The current investigation has limitations. First, the sample was not nationally representative so generalizability may be limited. Second, the cross-sectional design of the survey limits the ability to examine the nature of observed associations. For example, it cannot be discerned whether poor grades lead to ARPG, ARPG leads to poor grades, or additional factors (e.g., genetic predispositions, stress exposure) might link the two. Third, our study did not assess for specific type of online gambling activities. Distinct types of internet gambling, such as online poker, blackjack, or sports betting, may differ with respect to their associations with measures of health/functioning and gambling behaviors and motivations. Fourth, several of the measures (e.g., those assessing depressive and aggressive characteristics) used non-diagnostic and dichotomous measures. Future studies using more precise measures would be valuable in further investigating these domains in relation to internet gambling.

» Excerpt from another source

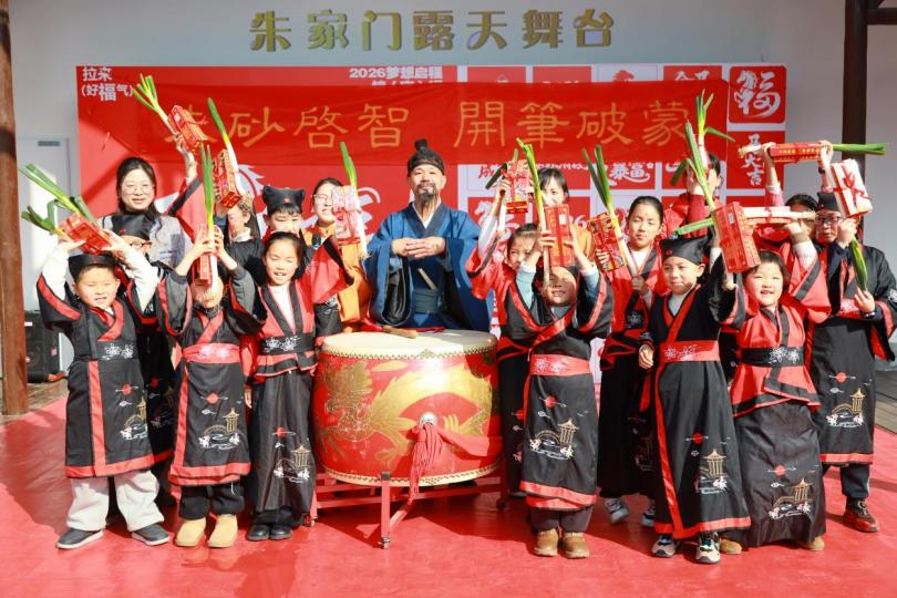 活动在庄重的开笔礼中拉开帷幕。孩子们依次完成沃盥净手、正衣冠、拜师礼、朱砂启智、诵读经典、开笔破蒙等传统仪程,在浓浓的仪式感中感受“勤学、明礼、立志”的文化内涵。亲子共书“人”字,击鼓明志,品尝寓意“聪明”的馄饨,领取“金榜题名”礼包……每一个环节都浸润着对传统文化的敬畏与传承。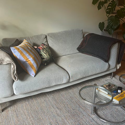 NOCKEBY soffa ger dig mjukt stöd och extra komfort perfekt för att umgås, ta en eftermiddagslur eller bara att sitta och läsa. De tjocka dynorna har en kärna av

In a large survey of high-school students, significant differences were identified in the correlates of ARPG in internet and non-internet gamblers, particularly with respect to academic functioning, heavy alcohol use, and peer involvement. Given these findings and the growth and availability of the internet to individuals of all ages, more studies are needed to assess the long-term effects of internet gambling throughout the lifespan. Future studies may benefit from including additional measures of online gambling, internet use and other factors (e.g., illegal use of credit cards to gamble online) to better elucidate the relationships between types and frequencies of online gambling and clinically relevant measures.

Supplementary Material

01
02

Acknowledgments

This work was supported in part by the National Institutes of Health (D01 DA019039, RC1 DA028279), the Connecticut State Department of Mental Health and Addiction Services, and a Center of Research Excellence Award from the National Center for Responsible Gaming and its affiliated Institute for Research on Gambling Disorders.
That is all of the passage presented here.